Sorry, we could not find the combination you entered »
Please enter your email and we will send you an email where you can pick a new password.
Reset password:
 

free

 
By Thomas Baekdal - February 2023

Operational security and the dangers of online sharing for journalists

This is an archived version of a Baekdal Plus newsletter (it's free). It is sent out about once per week and features the latest articles as well as unique insights written specifically for the newsletter. If you want to get the next one, don't hesitate to add your email to the list.

Welcome back to the Baekdal Plus newsletter. Today, I have a story about protecting information, because I came across an example of a journalist who thought they were doing everything right, but accidentally revealed information about their sources.

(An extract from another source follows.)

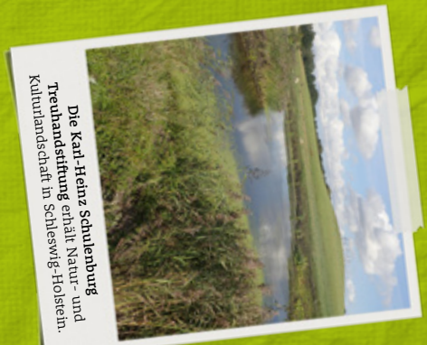
Die Karl-Heinz Schulenburg Treuhandstiftung erhält Natur- und Kulturlandschaft in Schleswig-Holstein.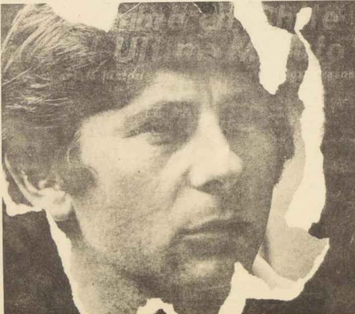
Roman Polanski, el torturado director de cine polaco, tal como fue presentado.

Realiza luego varias películas que merecen más elogios de la crítica que repercusión inmediata en el público. Entre ellas está "La Danza de los Vampiros", realizada para la Paramount, en los Estados Unidos. Cuando dirigía la filmación de esta película, Roman Polanski conoció a la joven y hermosa actriz Sharon Tate, con quien se casó en 1967.

I want to talk about how easy it is to make that mistake by giving you a number of examples.

I'm obviously not going to talk about the specific case I saw, but here are some general tips (I posted about most of these before on social media). Of course, using these examples you can either hide things that, as a journalist, you don't want people to know (like information about your sources), or you can use the same example to reveal information that others didn't want you to see.

So, here we go:


One of the fundamental problems with digital is that there are a lot of things we can extract from the data that aren't immediately obvious.

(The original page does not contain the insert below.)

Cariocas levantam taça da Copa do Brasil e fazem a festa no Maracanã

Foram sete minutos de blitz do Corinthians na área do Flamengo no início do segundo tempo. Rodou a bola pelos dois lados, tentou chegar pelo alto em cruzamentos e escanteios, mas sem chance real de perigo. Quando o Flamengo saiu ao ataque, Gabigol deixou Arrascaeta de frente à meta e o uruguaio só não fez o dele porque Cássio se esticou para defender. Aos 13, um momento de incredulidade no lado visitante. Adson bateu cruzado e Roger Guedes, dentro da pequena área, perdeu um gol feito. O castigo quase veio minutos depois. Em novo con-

Always delete unwanted audio

Here is a simple example. An ambulance driver posted a video of him going to a scene, but to protect the victim's privacy, he had lowered the audio of the video. He didn't mute the audio, or better, deleted it. He just made it so low that you couldn't really hear it.

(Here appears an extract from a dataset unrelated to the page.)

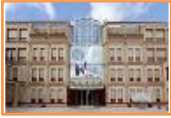
l'Hôtel du département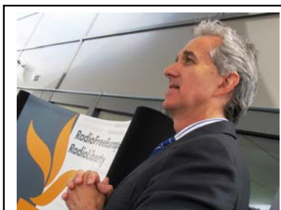
Prezident RFE mluví o potenciálu demokracie

Rádio Svobodná Evropa / Rádio Svoboda (RFE/RL) slavnostně otevřelo v úterý 12. května své nové supermoderní sídlo na pražském Hagiboru. Na 500 zaměstnanců stanice se sem začalo stěhovat před šesti měsíci, první pořad vysílalo už na počátku letošního února Rádio Free Iraq. „Tohle není jen nová centrála Rádia

Now, of course, anyone who has ever edited a podcast knows that this doesn't do anything. If the audio is simply lowered, all you need to do is to import the file into your audio editor, and bring it back up again.

It takes two seconds to do, and suddenly there is no longer any privacy.

The same is true if you add something on top of the audio. If you are trying to hide a section of an audio track, you might add a beep on top of the file.

Normally, that masks the audio (all you can hear is the beep), but what you may not know is that a beep is usually limited to a specific frequency. So, again, all you need to do is to open your audio editor, identify where that beep is and delete just that part of it, and then level the remaining audio back up. Now, you have the audio in its original form ... without any of the beeps.

Again, this is only possible because, in this case, the beep was added on top of the existing audio (and the audio was lowered to mask it). If they had instead replaced the original with the beep, none of this could be done.

So, whenever you work with audio and there is a section that you don't want people to hear, make sure that you completely delete that part of the audio. Don't just lower it, or mask it, or do anything else. If there are any remaining elements of the audio left, most audio editors can very quickly recreate it.

Be very careful about blacked out text

Another example is with blacked out text. This is something journalists have to work with all the time, and it's really critical that you do it right, otherwise you can bring the original text back.

If you have some documents where you don't want people to see, for instance, your source name, don't just use a black marker because even if it is blacked over, you can probably just open the image in Photoshop and adjust the brightness levels and reveal it again.

It's sometimes the same with digital apps. Some 'marker' apps don't do a full black marker, they do a marker with a bit of transparency, meaning it doesn't actually hide anything.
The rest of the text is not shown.